ROMA «Spotto quel mostro di Anna, è un cesso». «Spotto Cristina T. che ha l'alito puzzolente». «Spotto Mattia S. fidanzato segretamente con S.». Benvenuti nella nuova gogna mediatica per under 19, uno squallido labirinto di insulti, dove la diffamazione è un'arma affilata che ferisce adolescenti spesso inermi. Si chiamano Spotted, dall'inglese avvistato: si declinano così le pagine Facebook ma, soprattutto Instagram, nate per segnalare, nella migliore delle ipotesi, un ragazzo o una ragazza di cui ci si è invaghiti, ma sempre più spesso utilizzate per offendere. Se cinque anni fa la proporzione tra attacchi personali gratuiti e complimenti era a favore dei secondi, ora si assiste ad un pericoloso ribaltamento, soprattutto sul social network preferito dai più giovani, quell'Instagram dove esistono profili Spotted riferiti alle più grandi scuole superiori della capitale. Profili che hanno scalzato Ask.fm, il social, lanciato nel 2010, dove alcuni minorenni sbeffeggiati dai bulli di turno sono arrivati a suicidarsi.
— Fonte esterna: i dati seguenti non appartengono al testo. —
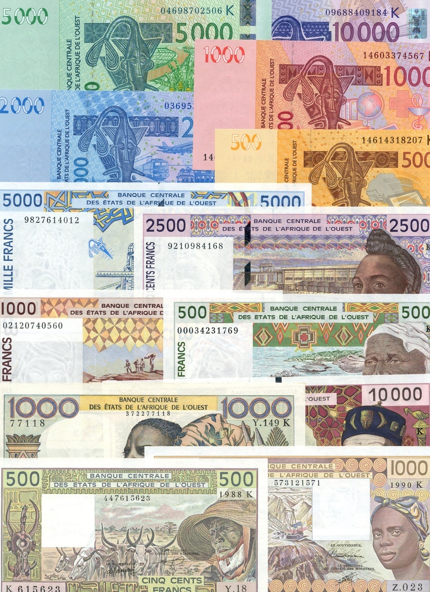 (x) Banque Centrale des Etats de l'Afrique de l'Ouest, Senegal, 1000 francs, ND (1977), multicoloured, man and woman at right, 500 francs (2), 1000 francs, 1991, 500 (2), 1000 (7), 2500, 5000 and 10000 francs and later issues including 10000 francs (2)
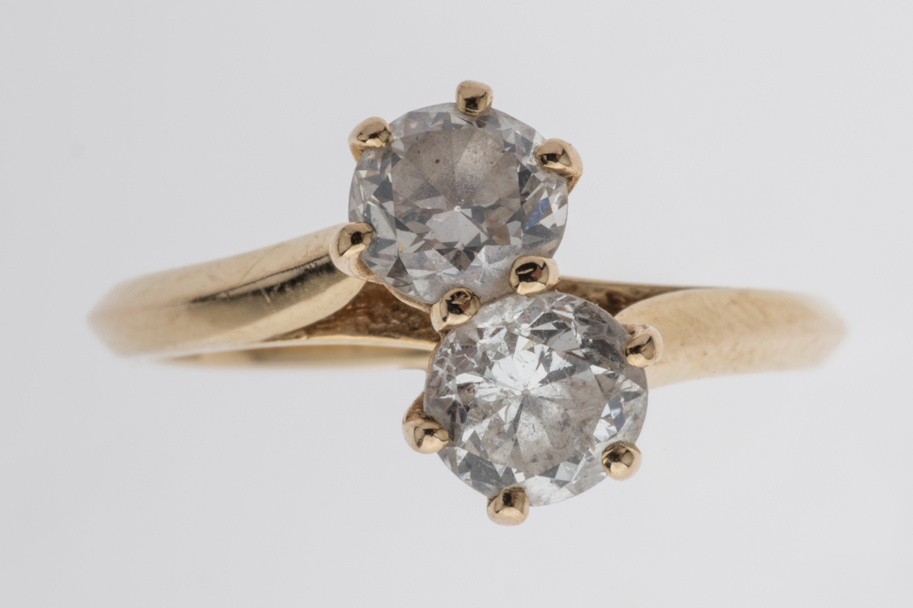 BAGUE "TOI & MOI" en or jaune 750 millièmes, le centre orné de deux DIAMANTS ronds de taille ancienne ou de taille brillant.

Dal Visconti al Mamiani, passando per il Righi, Morgagni, Virgilio e Tasso: non c'è scuola che si salvi da questo giochino perverso che non conosce pietà. A essere presi di mira non sono solo gli studenti più vulnerabili, ma anche i professori. Tutti indicati con nomi e cognomi, mentre i diffamatori sono rigorosamente privi di identità. E poco importa se l'anonimato sul web non esista, visto che la polizia postale può sempre risalire all'indirizzo Ip che contraddistingue ogni utente virtuale: non tutti hanno il coraggio di denunciare e di parlare pubblicamente di una vicenda che rimane fonte di vergogna.

GESTORI SENZA IDENTITÀ
I profili Spotted funzionano in maniera molto semplice: si manda un messaggio privato al gestore (anonimo), che provvede a ripubblicarlo oscurando il nome dell'utente che lo ha inviato. Ogni post è poi accompagnato da commenti di scherno. E le vittime? Cercano di difendersi come possono scrivendo dei messaggi privati e disperati all'amministratore della pagina, nella speranza che voglia rimuovere lo Spotted incriminato - anche se quasi sempre preferiscono fare finta di nulla. Anche di fronte a commenti omofobi («Spotto Andrea T. che è fr...ma simpatico» si legge in uno Spotted di un grande liceo del centro) o relativi alle (vere o presunte) abitudini sessuali di minorenni. Per non parlare di quelli che indicano gli studenti che farebbero uso di sostanze stupefacenti («Gabriele pippa cocaina», è scritto sulle pagine relative ad un altro famoso liceo del Centro). Spesso questi profili sono collegati al sito This Crush, altro social network popolare tra i giovani fino ai 16 anni, dove pure è possibile scrivere dei commenti in cui dar libero sfogo all'astio più cieco e becero.

PAURA DI DENUNCIARE
I docenti sanno ma non possono intervenire, se non consigliando agli studenti di rivolgersi alla polizia. «Cosa possiamo fare, se non sopportare e riderci su?», dice una delle molte ragazze prese di mira con alcuni post inequivocabilmente ingiuriosi. Tanti preferiscono lasciar correre anche quando, camminando per i corridoi di scuola, i compagni, cellulare alla mano, li guardano sghignazzando. E così i bulli continuano ad agire indisturbati, forti della vergogna che le loro vittime provano dopo essere precipitate in questa cloaca intrisa di odio.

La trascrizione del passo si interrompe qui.